Everything in the listing should be transcribed exactly, apart from the pictures.

**Stored data**
- Opening Delimiter -

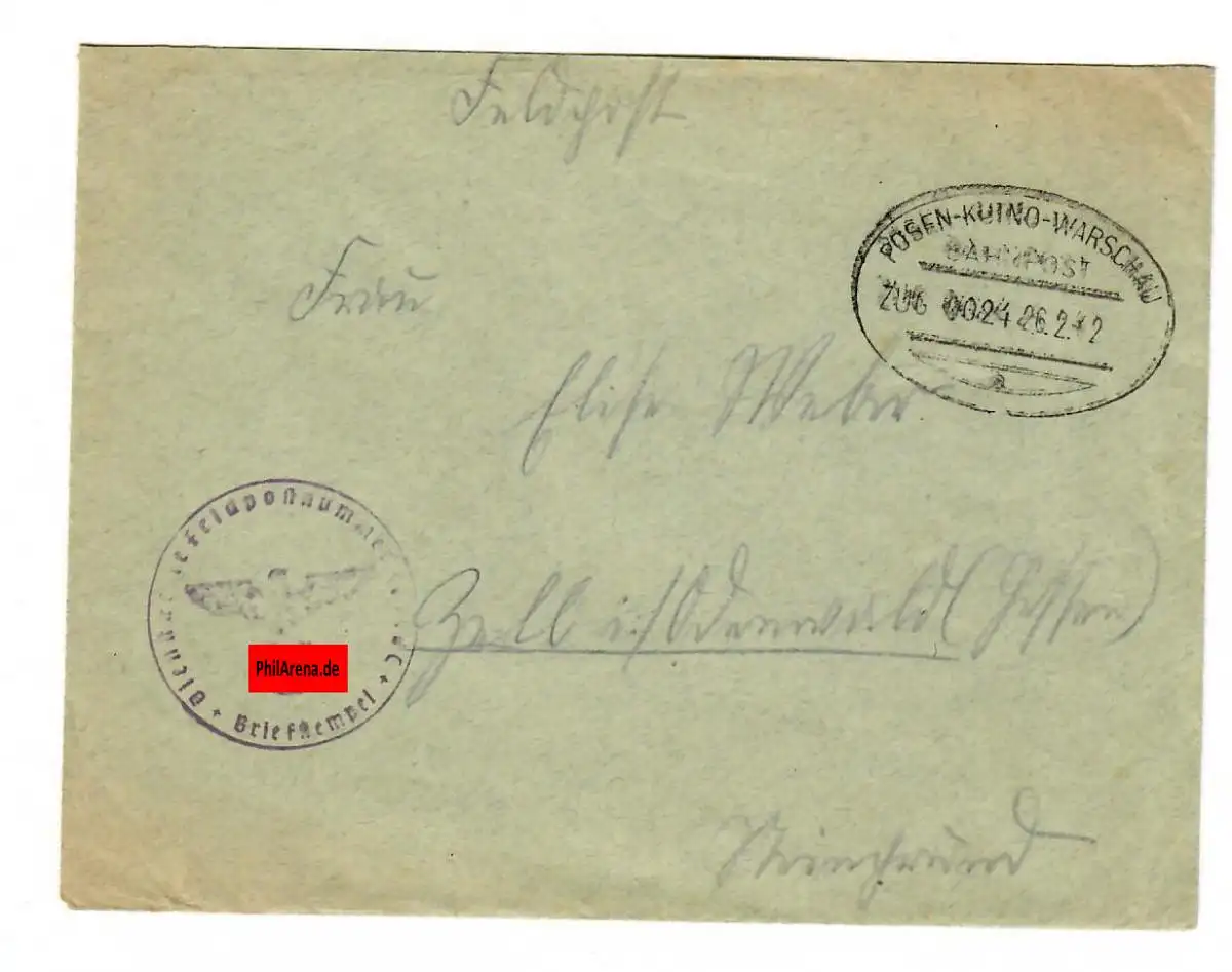 Tampon de poste GG: Revue de la poste de Poznan-Kutno sur lettre de courrier de champ
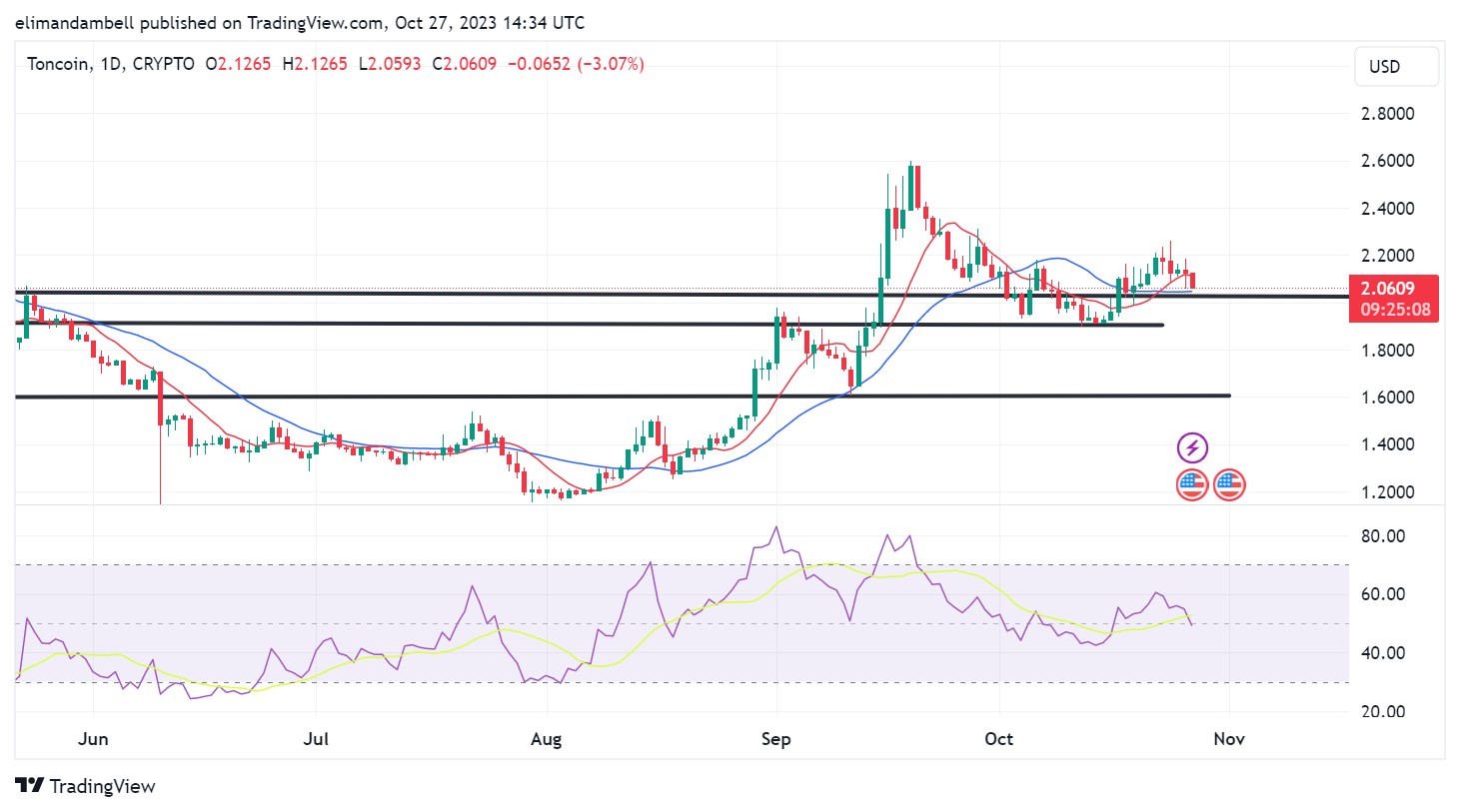 As a result of the decline, toncoin continued to track a one-week low, and close to a key price floor of $2.00.
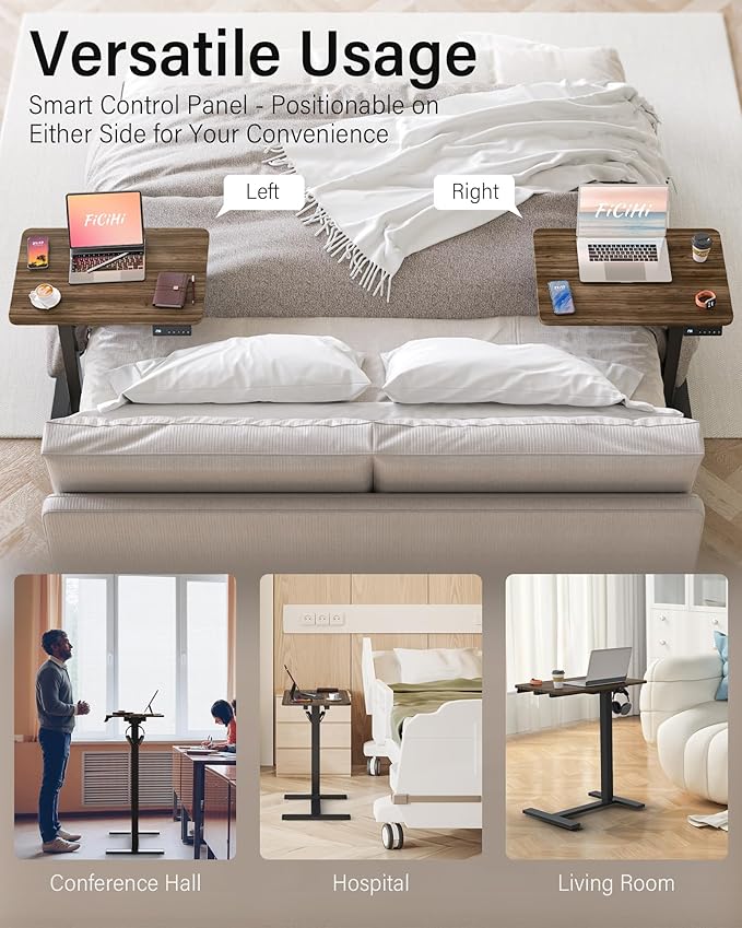 Mobile Standing Desk with Wheels - Electric Height Adjustable Small Movable Laptop Desk, Portable Rolling Computer Workstation Sit Stand Table for Home Office, Sofa & Bedside Use(23.6", Walnut)
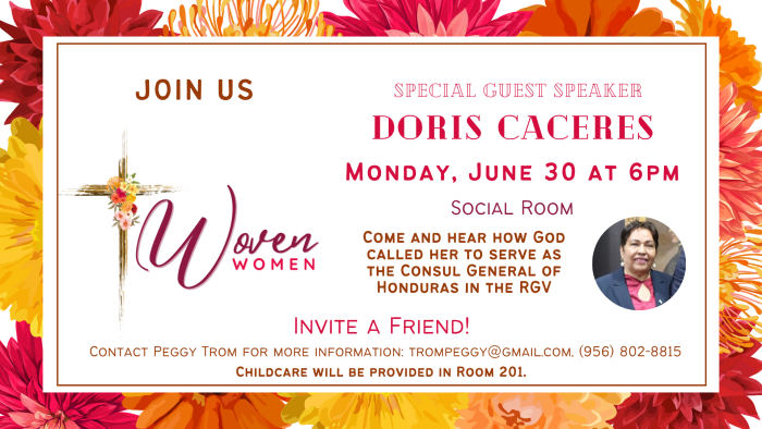 Come and hear how God called Doris Caceres to serve as the Consul General of Honduras in the RGV. Invite a friend!

- Closing Delimiter -

**Reply to the task**
 Tampon de poste GG: Revue de la poste de Poznan-Kutno sur lettre de courrier de champ
 As a result of the decline, toncoin continued to track a one-week low, and close to a key price floor of $2.00.
 Mobile Standing Desk with Wheels - Electric Height Adjustable Small Movable Laptop Desk, Portable Rolling Computer Workstation Sit Stand Table for Home Office, Sofa & Bedside Use(23.6", Walnut)
 Come and hear how God called Doris Caceres to serve as the Consul General of Honduras in the RGV. Invite a friend!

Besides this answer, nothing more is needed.